--- START ---

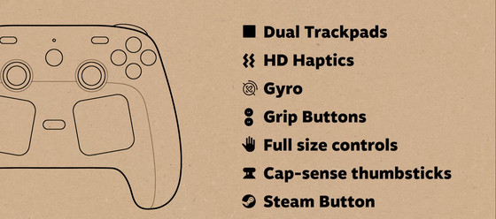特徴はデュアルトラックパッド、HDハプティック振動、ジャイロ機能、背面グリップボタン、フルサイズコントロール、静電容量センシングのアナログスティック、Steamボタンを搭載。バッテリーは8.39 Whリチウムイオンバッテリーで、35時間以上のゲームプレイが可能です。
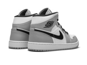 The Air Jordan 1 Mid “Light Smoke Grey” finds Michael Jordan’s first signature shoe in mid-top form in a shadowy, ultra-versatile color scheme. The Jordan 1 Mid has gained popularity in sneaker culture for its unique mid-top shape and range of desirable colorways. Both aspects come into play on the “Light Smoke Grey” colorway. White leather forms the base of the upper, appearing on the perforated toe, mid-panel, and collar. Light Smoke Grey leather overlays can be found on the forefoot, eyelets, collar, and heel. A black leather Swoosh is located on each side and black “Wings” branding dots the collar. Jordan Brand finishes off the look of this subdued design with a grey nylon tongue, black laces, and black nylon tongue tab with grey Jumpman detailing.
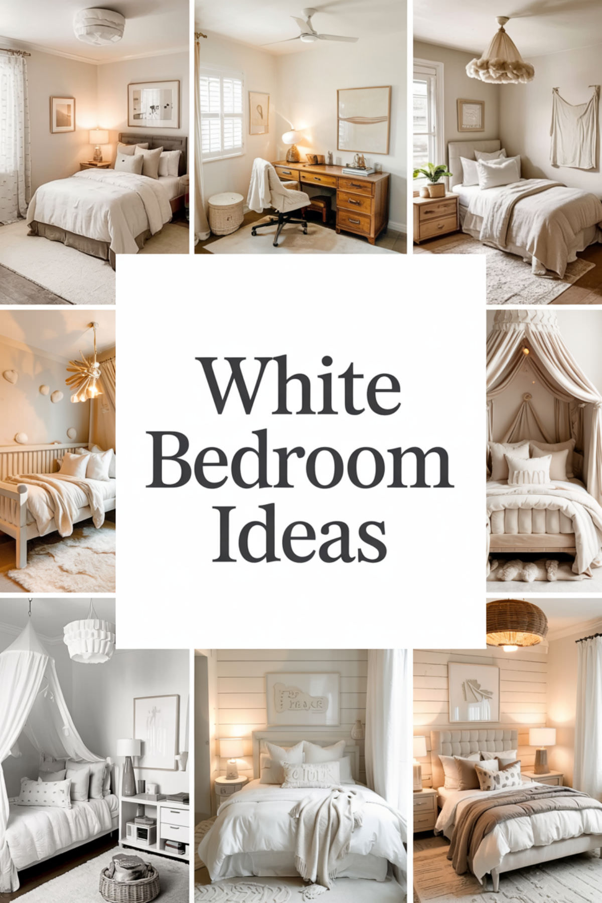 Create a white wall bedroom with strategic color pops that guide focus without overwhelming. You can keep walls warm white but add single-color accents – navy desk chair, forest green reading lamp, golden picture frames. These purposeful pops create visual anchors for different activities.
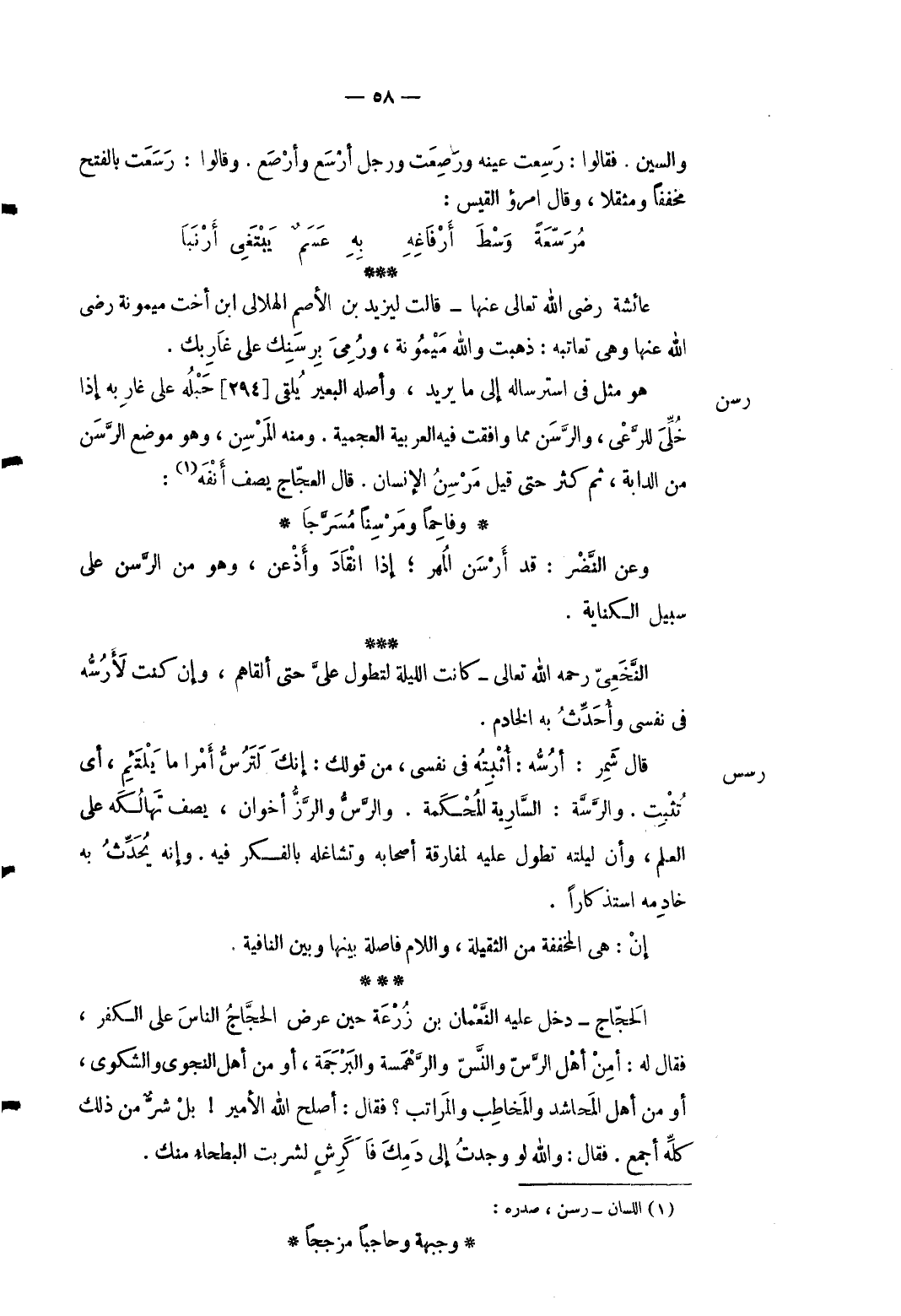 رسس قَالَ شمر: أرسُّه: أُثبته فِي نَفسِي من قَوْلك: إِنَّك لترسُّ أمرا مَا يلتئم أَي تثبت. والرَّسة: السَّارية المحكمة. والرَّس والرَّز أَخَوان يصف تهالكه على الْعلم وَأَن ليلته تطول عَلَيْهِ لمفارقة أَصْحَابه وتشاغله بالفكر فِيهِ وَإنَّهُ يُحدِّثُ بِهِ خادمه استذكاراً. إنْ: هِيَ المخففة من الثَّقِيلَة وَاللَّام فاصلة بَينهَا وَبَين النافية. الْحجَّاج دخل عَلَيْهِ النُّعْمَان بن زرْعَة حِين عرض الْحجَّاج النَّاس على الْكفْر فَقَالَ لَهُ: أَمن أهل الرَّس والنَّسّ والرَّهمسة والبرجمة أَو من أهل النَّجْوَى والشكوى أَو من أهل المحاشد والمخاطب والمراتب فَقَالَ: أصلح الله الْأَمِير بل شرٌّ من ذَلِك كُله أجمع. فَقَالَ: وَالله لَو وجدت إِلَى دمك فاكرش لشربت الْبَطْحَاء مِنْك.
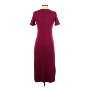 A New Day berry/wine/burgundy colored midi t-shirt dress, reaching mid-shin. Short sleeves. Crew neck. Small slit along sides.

--- END ---

> PROBLEM TO WORK ON
Only an exact copy is needed: the lines from the opening of the listing through the line with "The Air Jordan", both included, minus the pictures.

> ANSWER BOX
特徴はデュアルトラックパッド、HDハプティック振動、ジャイロ機能、背面グリップボタン、フルサイズコントロール、静電容量センシングのアナログスティック、Steamボタンを搭載。バッテリーは8.39 Whリチウムイオンバッテリーで、35時間以上のゲームプレイが可能です。
 The Air Jordan 1 Mid “Light Smoke Grey” finds Michael Jordan’s first signature shoe in mid-top form in a shadowy, ultra-versatile color scheme. The Jordan 1 Mid has gained popularity in sneaker culture for its unique mid-top shape and range of desirable colorways. Both aspects come into play on the “Light Smoke Grey” colorway. White leather forms the base of the upper, appearing on the perforated toe, mid-panel, and collar. Light Smoke Grey leather overlays can be found on the forefoot, eyelets, collar, and heel. A black leather Swoosh is located on each side and black “Wings” branding dots the collar. Jordan Brand finishes off the look of this subdued design with a grey nylon tongue, black laces, and black nylon tongue tab with grey Jumpman detailing.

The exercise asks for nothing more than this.